Don’t look for right or wrong, instead find solutions that help both people feel heard with a reasonable solution for both parties.
Find common ideas where the parties can agree; this will create a solid foundation.
Create ways for everyone to brainstorm potential solutions and then come to an agreement as to what actions will work for everyone.
Schedule a follow-up time with the parties to evaluate whether the solution handled the issue or if there are open problems that still exist. Conflict management isn’t a perfect 1-2-3 solution; instead, it’s consistent follow up to ensure the individuals are working on the solutions.
Employees are people with perceptions and beliefs, and no matter what you do to help them, they may go back to the original conflict and continue to escalate their annoyances. What can you do then? It’s when the disciplinary action comes into play. When employees don’t deal with their performance or change their behaviors, it impacts the team and the overall success of the company.
One of the best ways to avoid conflict is to create clear guidelines for appropriate behavior in the workplace.
- Stress the importance of everyone being accountable for his or her performance and actions. Be clear about what accountability looks like so they can emulate it.
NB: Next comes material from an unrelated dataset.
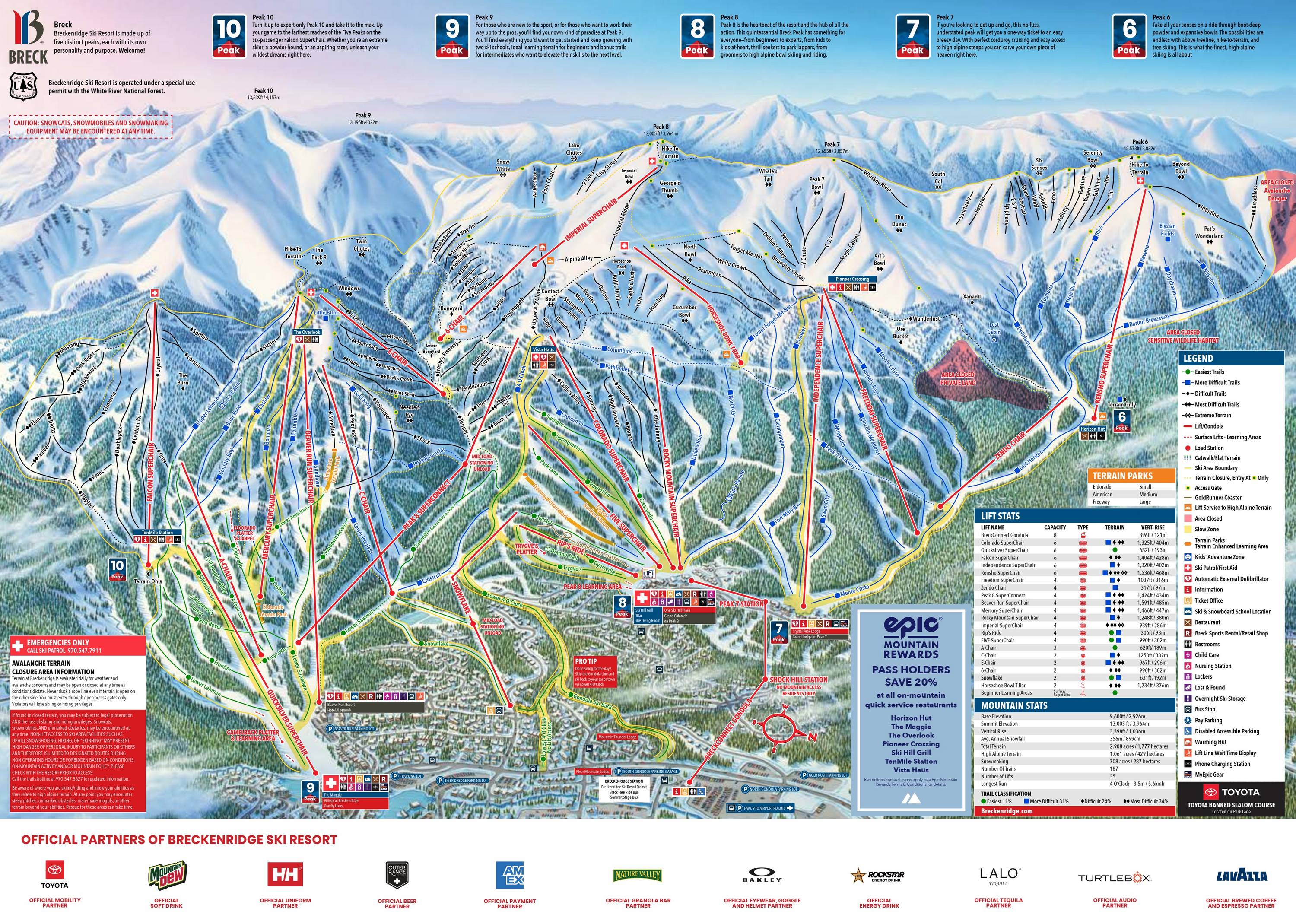 Het pisteplan geeft het hele skigebied zeer goed weer. Op de achterkant vind je een detailkaart van de Peak 9 North Slopes. Alle liften en pistes zijn met gedetailleerde informatie aangegeven. Je vindt extra informatie over de skischool, activiteiten, restaurants, parkeerplaatsen en alle belangrijke telefoonnummers op het pisteplan. Alle bergen zijn voorzien van hoogteaanduidingen. Extra hoogteaanduidingen bij de bergstations van de liften zouden nog nuttig zijn.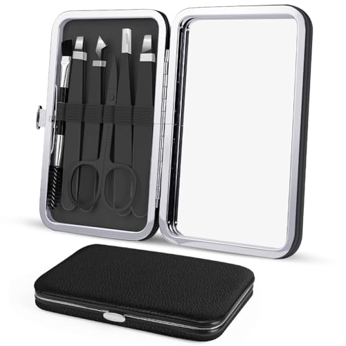 Flintronic 6 Pièces Kit de Pince a Epiler, Pince à Sourcils de Précision Professionnelle, Pincettes Acier Inoxydable avec Étui, Portable, pour Enlèvement des Points Noirs, Poils Incarnés, Cils, Noir

- Create a basic rule that there is zero tolerance for disrespect towards others. Disrespect shows up in the workplace through criticizing ideas, a manager yelling at an employee, being sarcastic with a coworker, making jokes about the person behind his or her back and several other behaviors that devalue an employee.
- In the U.S. some laws protect employees from discrimination or sexual harassment. As a manager, you need to be aware of the laws and the legal ramification when you or an employee breaks them. For example, in your role as a manager, you are in the lunchroom, and you hear an employee making fun of an employee because of their race, color, religion, or sex. Your responsibility is to handle that issue immediately. If the individual is not your direct report, go to the manager of that person and have the employee come to discuss the issue. Train your employees on the laws, and don’t assume they know.
- Lots of people are uncomfortable dealing with conflicts, and you need to guide them in recognizing the issues, and that it may be their response to the problem that could be causing the conflict. They will need to be active in resolving the issue. Even if they are willing to work through issues, you may still need to facilitate appropriate solutions to their problems.
Let employees know that you are there to work with them as they deal with any workplace issues that interfere with their performance. It’s their job to resolve it, and you are there to facilitate the resolution.
If you are the only one who comes up with recommendations, then your employees will never take ownership of their problems. Encourage them to be open to finding potential solutions.
Encourage them to share amongst themselves how they have resolved conflicts as this helps others, as well as reduces your need to facilitate conflicts within your team.
How a manager handles conflict also impacts how the team deals with its conflicts.